Generic problems

Drag and drop ETL tools sometimes encourage the use of a generic approach. Load a flat file to stage, validate the data, apply some transforms and publish to a data warehouse is after all standard fare within a data warehouse. But what when there is some subtle difference in the process that does not get spotted by the developer in the design and implement phase?

One recent example came to light for one of our Oracle Warehouse Builder built data warehouses. Almost all of the fact tables are partitioned and the usual publish approach is to direct path insert into an empty table and then partition exchange. But our problem fact table is a late addition to the DW - it came from a new requirement about a year into live use of the system.
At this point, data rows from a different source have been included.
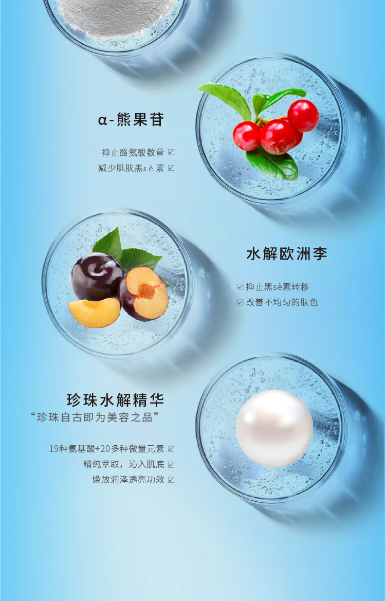 蕴含透明质酸钠与水解珍珠精华,为肌肤锁牢水分,搭配小球藻等植物提取精华,令肌肤水润、柔嫩、亮泽,改善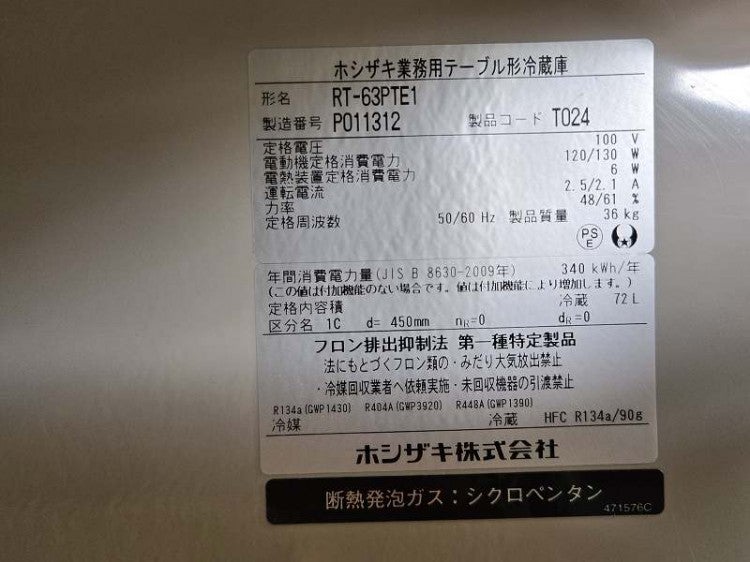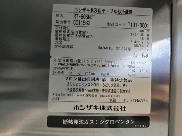 他の画像を見る 2023年製 ホシザキ 冷蔵コールドテーブル RT-80SNE1 愛知店 中古品 単相100V 定価 ¥ 613,800 のところ 販売価格 ¥ 99,000 税込 W800xD650xH800商品ランク:B カートに入れる お気に入りに登録する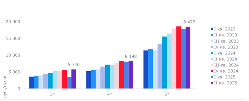 По итогам I полугодия средняя цена номера за сутки в среднем по рынку увеличилась на 12,4%, до 10,4 тыс. руб./сутки. Однако рост наблюдался только в сегментах 4* и 5*, тогда как в 3* отелях ADR снизился на 6,4%. Это стало следствием падения их заполняемости.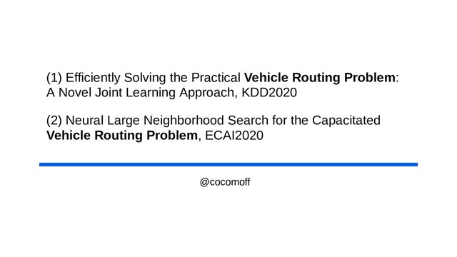 1. Efficient Solving the Practical Vehicle Routing Problem: A Novel Joint Learning Approach (KDD2020) 2. Neural Large Neighborhood Search for the Capacitated Vehicle Routing Problem (ECAI2020)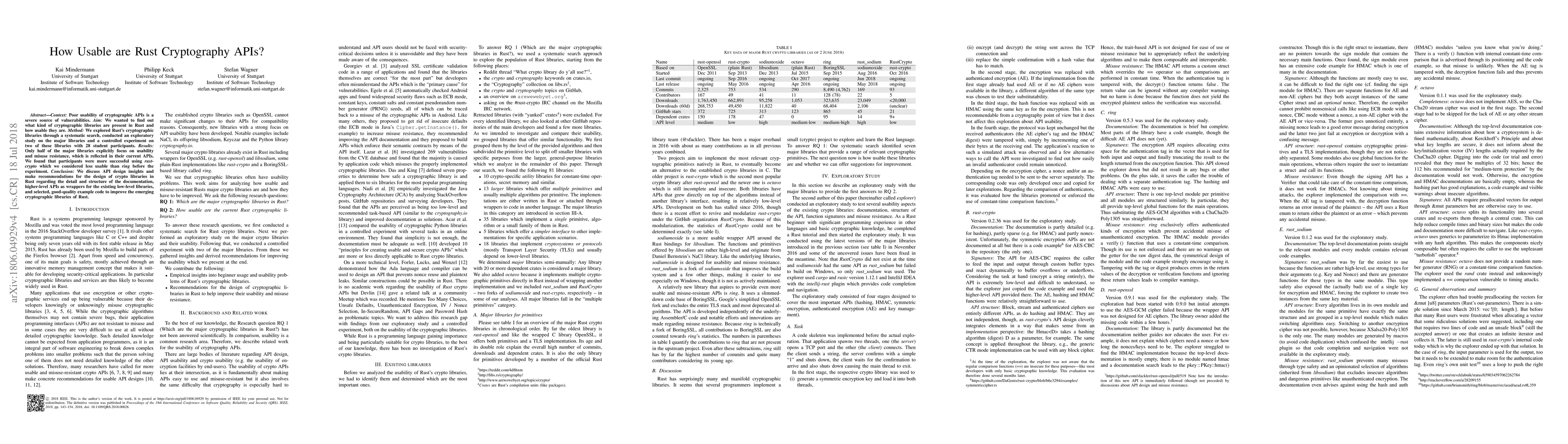 Context: Poor usability of cryptographic APIs is a severe source of vulnerabilities. Aim: We wanted to find out what kind of cryptographic libraries are present in Rust and how usable they are. Method: We explored Rust's cryptographic libraries through a systematic search, conducted an exploratory study on the major libraries and a controlled experiment on two of these libraries with 28 student participants. Results: Only half of the major libraries explicitly focus on usability and misuse resistance, which is reflected in their current APIs. We found that participants were more successful using rust-crypto which we considered less usable than ring before the experiment. Conclusion: We discuss API design insights and make recommendations for the design of crypto libraries in Rust regarding the detail and structure of the documentation, higher-level APIs as wrappers for the existing low-level libraries, and selected, good-quality example code to improve the emerging cryptographic libraries of Rust.

The original developers had moved on and the new team used current practice to model any changes. The new daily feed was around 2000 rows per day and from our table stats the average row length is around 32 bytes. So we have small volumes to load each day and is probably not worth partitioning. And there is the problem; we are not loading into a empty partition so the normal load mechanism of append is not appropriate since it direct path inserts the data into a new extent. And as each extent is 4MB, we are wasting a vast amount of space to load less than 100KB per day.

So the fix: Rebuild the OWB map to use conventional insert and rebuild the target table to recover the masses of unused storage.

As David Aldridge correctly noted - it is append parallel that causes the extra extents to be used. Looking at the generated code this was indeed the case. And the cause, a default append parallel hint in the mapping hint!